CareMin650 has been developed to improve practical use of PBM. Delivery of light from LED, emitted by a flexible surface (fabric made of woven optic fibers) in contact with the skin or mucosa, is accurately controlled, reproducible, and operator independent. The device consists of an electronic box generating the light, and pads connected to the box through an optic fiber cable: either oral pads measuring 2.6 × 5.5 cm2 emitting light on both sides or derma pads measuring 15.6 × 5.5cm2, emitting light on one side (Fig. 1). The dose in J/cm2 is selected on the light box that calculates automatically the length of the session to reach the selected dose. Average irradiation times are 1 min 47 s for oral pads and 2 min 23 s for derma pads at a dose of 3 J/cm2. At a dose of 6 J/cm2, they are 3 min 34 s and 4 min 46 s, respectively. Disposable single-use sleeves are placed on the pads before applying them to the skin or the mucosa. The main objectives of this study were to show feasibility, safety, and tolerability of CareMin650 and provide preliminary data on efficacy.

Fig. 1.

Fig. 1

CareMin650. A Light box and oral pads. B Light box and derma pad. C Oral pads placed in the mouth. D Derma pad placed on the neck

Methods

Design and patients

Safe PBM was a French multicentric prospective non-comparative study, designed to assess CareMin650 in patients with H&NC (cohort A) or BC (cohort B), in prophylaxis (cohorts A1 and B1) or cure (cohorts A2 and B2) (Supplementary Fig. 1). Eligible patients were aged 18 years or above, had histologically proven cancer (BC in cohorts B1 and B2, squamous cell carcinoma of oropharynx, nasopharynx, hypopharynx, larynx, or oral cavity in cohorts A1 or A2), and ECOG performance status ≤ 2. In preventive cohorts, patients were scheduled to receive RT (on at least 50% of the oral mucosa, at a total dose of at least 40 Gy for H&NC) and had no lesions at inclusion.
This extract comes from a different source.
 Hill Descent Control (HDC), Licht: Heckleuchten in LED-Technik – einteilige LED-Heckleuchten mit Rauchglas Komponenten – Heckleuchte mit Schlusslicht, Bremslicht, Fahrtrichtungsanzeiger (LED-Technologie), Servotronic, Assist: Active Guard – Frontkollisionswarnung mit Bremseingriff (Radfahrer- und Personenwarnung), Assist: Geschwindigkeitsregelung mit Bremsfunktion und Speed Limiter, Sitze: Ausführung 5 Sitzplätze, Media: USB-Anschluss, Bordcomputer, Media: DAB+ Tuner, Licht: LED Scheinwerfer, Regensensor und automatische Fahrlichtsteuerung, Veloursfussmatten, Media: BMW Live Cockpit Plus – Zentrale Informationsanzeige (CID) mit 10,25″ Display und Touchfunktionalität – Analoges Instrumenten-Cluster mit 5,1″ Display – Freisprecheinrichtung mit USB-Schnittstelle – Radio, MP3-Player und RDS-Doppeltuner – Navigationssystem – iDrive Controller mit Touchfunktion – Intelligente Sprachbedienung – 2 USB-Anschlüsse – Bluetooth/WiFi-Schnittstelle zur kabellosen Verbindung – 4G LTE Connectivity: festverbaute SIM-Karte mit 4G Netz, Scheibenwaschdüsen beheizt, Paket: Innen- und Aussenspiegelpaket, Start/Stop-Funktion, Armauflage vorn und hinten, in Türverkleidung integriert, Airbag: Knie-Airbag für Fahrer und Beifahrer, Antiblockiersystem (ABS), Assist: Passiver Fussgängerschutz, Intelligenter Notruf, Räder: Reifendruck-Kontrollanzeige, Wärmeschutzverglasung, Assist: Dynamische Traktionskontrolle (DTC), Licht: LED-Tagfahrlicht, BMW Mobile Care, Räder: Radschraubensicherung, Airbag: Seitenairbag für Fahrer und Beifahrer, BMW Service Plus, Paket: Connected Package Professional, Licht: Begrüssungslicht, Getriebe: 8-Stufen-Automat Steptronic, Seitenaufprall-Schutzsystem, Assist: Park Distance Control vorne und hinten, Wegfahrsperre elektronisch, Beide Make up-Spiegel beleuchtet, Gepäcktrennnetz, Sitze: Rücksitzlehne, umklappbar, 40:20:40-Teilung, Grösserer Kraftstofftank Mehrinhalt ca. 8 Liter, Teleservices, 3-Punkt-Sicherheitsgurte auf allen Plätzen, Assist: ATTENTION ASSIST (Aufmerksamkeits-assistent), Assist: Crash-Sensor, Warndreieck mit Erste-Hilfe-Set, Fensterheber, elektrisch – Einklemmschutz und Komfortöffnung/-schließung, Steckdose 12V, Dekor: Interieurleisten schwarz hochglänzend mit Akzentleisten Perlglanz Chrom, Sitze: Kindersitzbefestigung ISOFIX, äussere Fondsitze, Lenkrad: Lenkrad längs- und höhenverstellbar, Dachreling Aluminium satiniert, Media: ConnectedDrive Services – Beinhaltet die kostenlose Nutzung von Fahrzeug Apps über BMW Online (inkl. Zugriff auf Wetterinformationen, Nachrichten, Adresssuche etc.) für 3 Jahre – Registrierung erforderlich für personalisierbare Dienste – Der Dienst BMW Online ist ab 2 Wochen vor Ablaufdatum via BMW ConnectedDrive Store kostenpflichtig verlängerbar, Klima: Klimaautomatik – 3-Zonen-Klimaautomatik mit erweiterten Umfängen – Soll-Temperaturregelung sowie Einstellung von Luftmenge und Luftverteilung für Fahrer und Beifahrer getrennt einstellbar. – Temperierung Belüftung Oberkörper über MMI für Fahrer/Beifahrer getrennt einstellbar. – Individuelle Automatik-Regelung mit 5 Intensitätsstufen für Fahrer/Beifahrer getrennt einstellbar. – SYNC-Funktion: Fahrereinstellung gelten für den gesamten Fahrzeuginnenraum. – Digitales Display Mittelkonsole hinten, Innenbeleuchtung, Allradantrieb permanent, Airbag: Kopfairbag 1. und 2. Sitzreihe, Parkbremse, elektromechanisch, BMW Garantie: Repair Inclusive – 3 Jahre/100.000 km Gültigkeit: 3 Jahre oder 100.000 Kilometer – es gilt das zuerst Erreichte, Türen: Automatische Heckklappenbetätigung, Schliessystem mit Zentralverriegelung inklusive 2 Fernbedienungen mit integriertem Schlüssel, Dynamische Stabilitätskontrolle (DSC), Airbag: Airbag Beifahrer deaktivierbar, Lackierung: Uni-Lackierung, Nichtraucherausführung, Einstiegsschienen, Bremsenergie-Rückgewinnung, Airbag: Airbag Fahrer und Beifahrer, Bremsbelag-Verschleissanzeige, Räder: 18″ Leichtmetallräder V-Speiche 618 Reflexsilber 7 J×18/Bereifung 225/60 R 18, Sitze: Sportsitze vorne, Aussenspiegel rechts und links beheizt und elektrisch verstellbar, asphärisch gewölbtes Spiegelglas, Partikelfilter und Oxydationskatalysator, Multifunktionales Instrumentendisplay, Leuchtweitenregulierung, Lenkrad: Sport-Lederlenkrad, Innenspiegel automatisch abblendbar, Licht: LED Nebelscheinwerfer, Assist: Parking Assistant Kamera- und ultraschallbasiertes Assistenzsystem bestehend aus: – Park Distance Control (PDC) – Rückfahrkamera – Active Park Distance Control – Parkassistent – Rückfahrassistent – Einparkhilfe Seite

In cohorts A2 and B2, patients had previously started RT and presented with OM and/or RD lesions of grade 1 to 3. BC patients were required to have undergone tumor resection (breast conservative surgery or mastectomy) while prior surgery was not mandatory in cohorts A1 or A2. In all cohorts, concomitant treatment with CT and/or targeted therapies was permitted. Patients were excluded if they had known allergy to polyurethane. In H&NC patients, specific exclusion criteria were active bleeding or high risk of bleeding, Hb < 8 g/dL, neutrophils < 1000 mm3, or platelets < 50 000/mm3. In cohorts B1 and B2, patients were excluded if they had received prior irradiation to the same breast. Consecutive patients were included in each subgroup, until the target number had been reached. All study procedures were in accordance with the ethical standards and with the 1964 Helsinki Declaration. All patients signed informed consent before any study procedure was implemented. The study was approved by the Comité de Protection des Personnes (CPP) CPP Sud-Est VI and by the ANSM (Agence Nationale du Médicament et des Produits de Santé).

Treatment

CareMin650 started at inclusion in the study and was pursued until the end of RT. The minimal number of sessions per week was 3, performed immediately before or after RT; however, 5 sessions/week were recommended. Any healthcare professional could administer the treatment after appropriate training. Oral pads and derma pads delivered red light with wavelength of 650 nm, and irradiance of 28 mW/cm2 for oral pads and 21 mW/cm2 for derma pads. Doses for prophylactic and curative treatments were 3 J/cm2 and 6 J/cm2, respectively. If OM or RD occurred in a patient from a prophylactic cohort, the dose was increased to 6 J/cm2. Conversely, if lesions in patients from curative cohorts resolved before the end of RT, the dose was decreased to 3 J/cm2. In cohorts A1 and B1, pads were applied on irradiated areas presenting a risk of RT-related complications. In cohorts A2 and B2, pads were applied on each lesion.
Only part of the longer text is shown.